Garantie maintien de salaire : comment ça marche ?

Maintien de salaire en arrêt de travail : conditions, taux, durées, carence, subrogation et rôle de la prévoyance. Le guide complet pour sécuriser vos revenus.

Hélène GirardRédaction Assurance du Net · Mis à jour le 6 juillet 2026 · 11 min de lecture
Garantie maintien de salaire : comment ça marche ?

Tomber malade ou se blesser, c’est aussi voir son salaire menacé. Heureusement, la garantie maintien de salaire existe pour limiter cette perte de revenus pendant un arrêt de travail. Entre l’obligation légale de votre employeur, les indemnités journalières de la Sécurité sociale et les contrats de prévoyance, le mécanisme peut sembler complexe. Dans ce guide complet, nous vous expliquons concrètement comment fonctionne le maintien de salaire en cas d’arrêt maladie : qui y a droit, combien vous percevez, pendant combien de temps, et comment compléter cette protection pour sécuriser durablement vos revenus.

Salarié examinant son bulletin de paie et son arrêt maladie pour le maintien de salaire
Le maintien de salaire complète les indemnités journalières pendant un arrêt de travail.

Qu’est-ce que la garantie maintien de salaire ?

Le maintien de salaire désigne le versement, par l’employeur, de tout ou partie de la rémunération d’un salarié en arrêt de travail. Il complète les indemnités journalières versées par la Sécurité sociale, afin de limiter la perte de revenus pendant l’incapacité.
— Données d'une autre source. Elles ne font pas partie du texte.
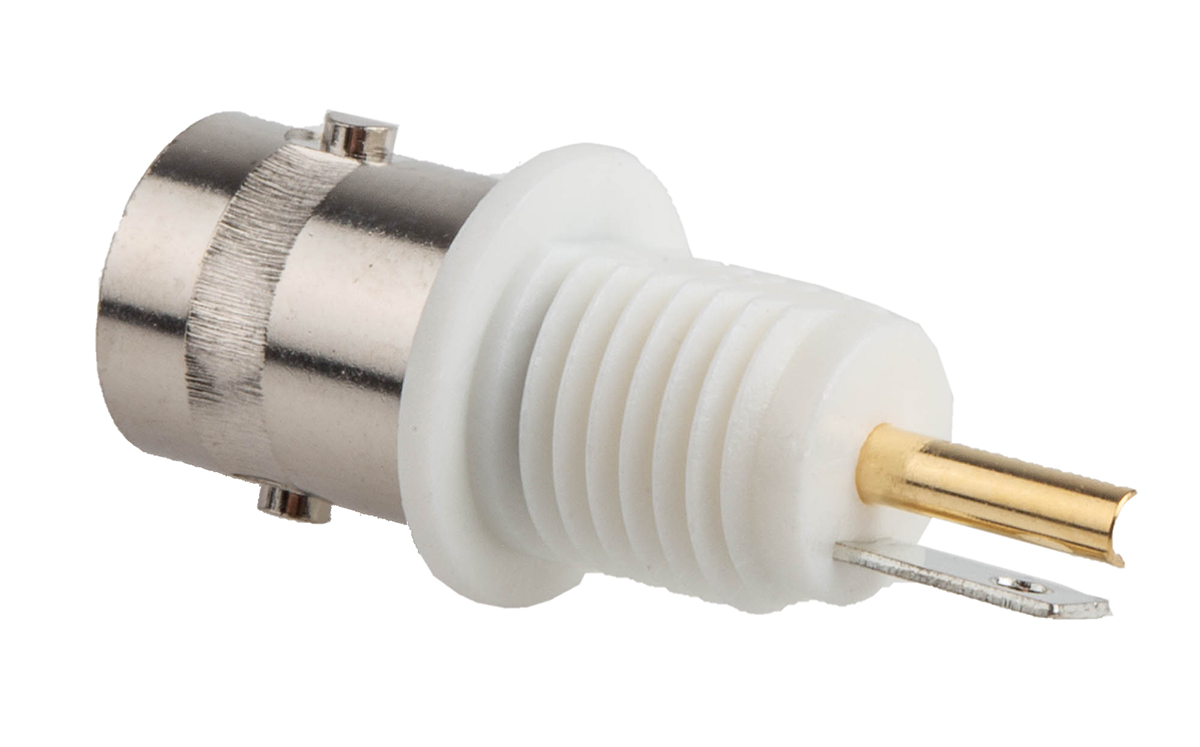 This is Straight 75Ω Panel Mount Bulkhead Fitting BNC Connector jack Nickel Solder Termination manufactured by RS Pro. The manufacturer part number is 546-3995. The product is available in panel mount configuration. In addition, female is the available "Gender" of the product. It has an impedance value of 75ω. The product is made from sturdy brass materials.

Cette garantie repose sur deux étages complémentaires : une obligation légale à la charge de l’employeur, encadrée par la loi, et une protection facultative assurée par un contrat de prévoyance, collectif ou individuel. Comprendre l’articulation entre ces deux niveaux est essentiel pour savoir exactement ce que vous toucherez en cas de coup dur.

Maintien de salaire légal et prévoyance : quelle différence ?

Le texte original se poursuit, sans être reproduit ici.